Japan's cryptocurrency exchanges to announce plan for self-regulating body - newman8r
https://www.reuters.com/article/us-crypto-currencies-japan/japans-cryptocurrency-exchanges-to-announce-plan-for-self-regulating-body-sources-idUSKCN1GE037?feedType=RSS&feedName=technologyNews&utm_source=feedburner&utm_medium=feed&utm_campaign=Feed%3A+reuters%2FtechnologyNews+%28Reuters+Technology+News%29
======
CryptoDog
Japan’s 16 registered cryptocurrency exchanges will form a self-regulating
body this spring in a bid to better safeguard investors following a US$530
million digital money heist in January, two sources with direct knowledge of
the plan said. Read more on
[https://cryptonewstrends.com/](https://cryptonewstrends.com/)

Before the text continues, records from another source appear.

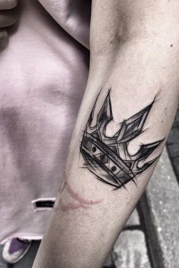 Источник: @34inkredibletattoo через Instagram Маленькие цветные татуировки могут выглядеть очень ярко и мило. Татуировка короны, показанная выше, нанесена на верхнюю часть руки мужчины.
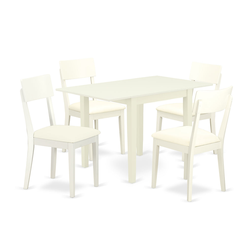 Offer an elegant elegance to your dining area with our 5 pieces Dinette set. You will get 4 great dining chairs, an attractive dining room table in this awesome 5-piece dining table set Exclusive design of these wooden dining chairs and dining room table will enrich the magnificence of any kitchen. Relaxing Linen White Faux Leather, seat and Linen White finish solid wood ladder back of these kitchen chairs will deliver excellent support to your back and fantastic sitting experience. The structure of these impressive dining table chairs and two 9-inch drop leaves dining room table is built from Superior Quality Asian Hardwood (Rubber Wood) which delivers outstanding robustness and stability to these dining chairs and breakfast table. Soft and comfortable foam padded seat and hardwood ladder back of these fabulous dining room chairs provides a magnificent look and comfy sitting experience. Cutting edge long-lasting solid wood structure, comfortable Faux Leather seat, reliable wooden table provide an Exclusive look to your dining area, excellent steadiness to these awesome kitchen chairs and wood dining table, and comfortable support to your back. Because of the surprisingly perfect dimensions, this wooden dining table set is very easy to carry, wash, assemble and change its places, Timeless styles of this creative wood table fits well with any home decoration and a soft cushion padded seat in smooth Faux Leather and ladder back of these dining room chairs will keep users comfortable.
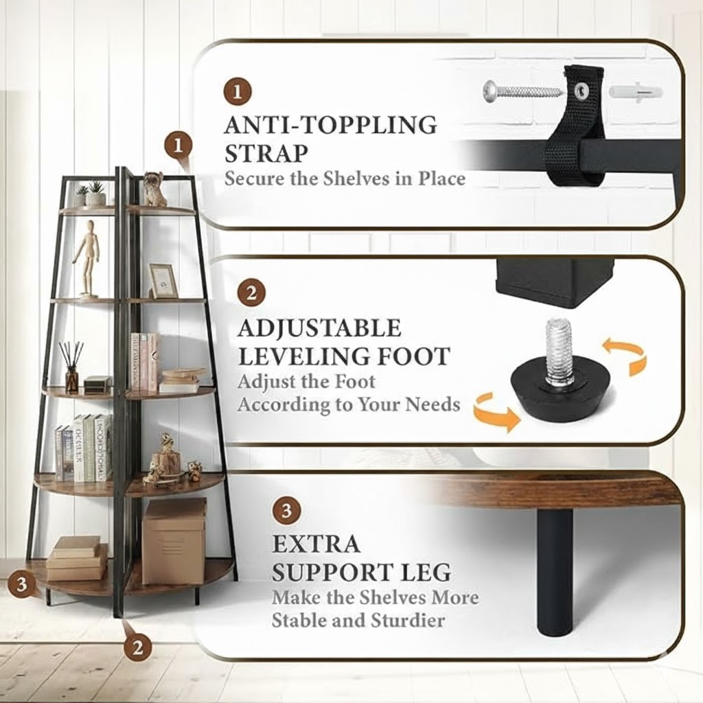 Sturdy Construction: Built with matte black iron frames and P2-grade engineered wood, this shelf offers long-lasting durability. The sturdy metal frame and added bottom support leg ensure excellent stability for heavy use.
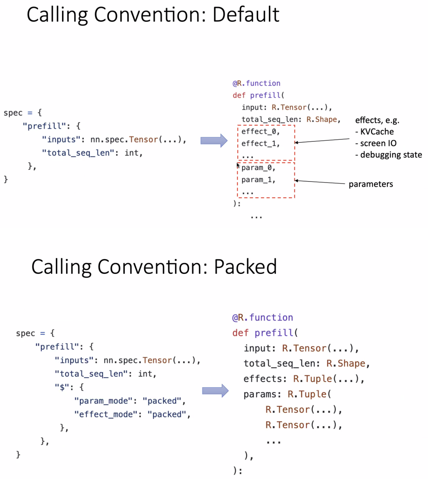 注意:由于 TIR 函数调用采用目标传递风格,每个函数调用的参数会如下所示:
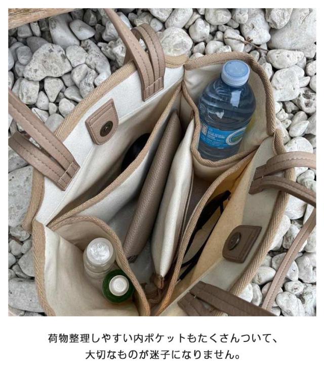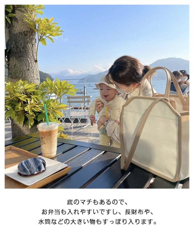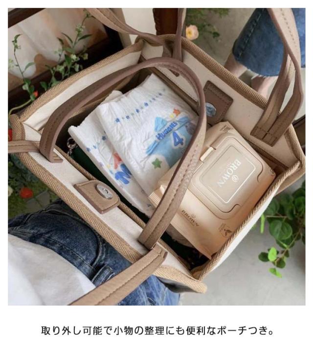 | 大容量でかつスタイリッシュ!機能的なマザーズバッグが新登場! 取り外し可能で小物の整理にも便利なポーチつき。 荷物整理しやすい内ポケットもたくさんついて、大切なものが迷子になりません。 柔らかくて軽量のキャンバス生地を使用し、嵩張らずに軽くて使いやすい。 シワがつきにくく、折りたたんで持ち運びにも便利。汚れた時には手洗いも可能。 底のマチもあるので、お弁当も入れやすいですし、長財布や、水筒などの大きい物もすっぽり入ります。 ちょっとした日用品などの買い物にマイバッグ代わりにも便利。 | |

Hackers stole about US$530 million from Tokyo-based cryptocurrency exchange
Coincheck Inc in January, exposing flaws in Japan’s system and raising
questions over how Japan regulates the industry.

Last month, Japanese cryptocurrency exchanges landed in hot water again when a
blunder at one of the exchanges let investors briefly buy bitcoins for free,
although none were able to profit from the mistake.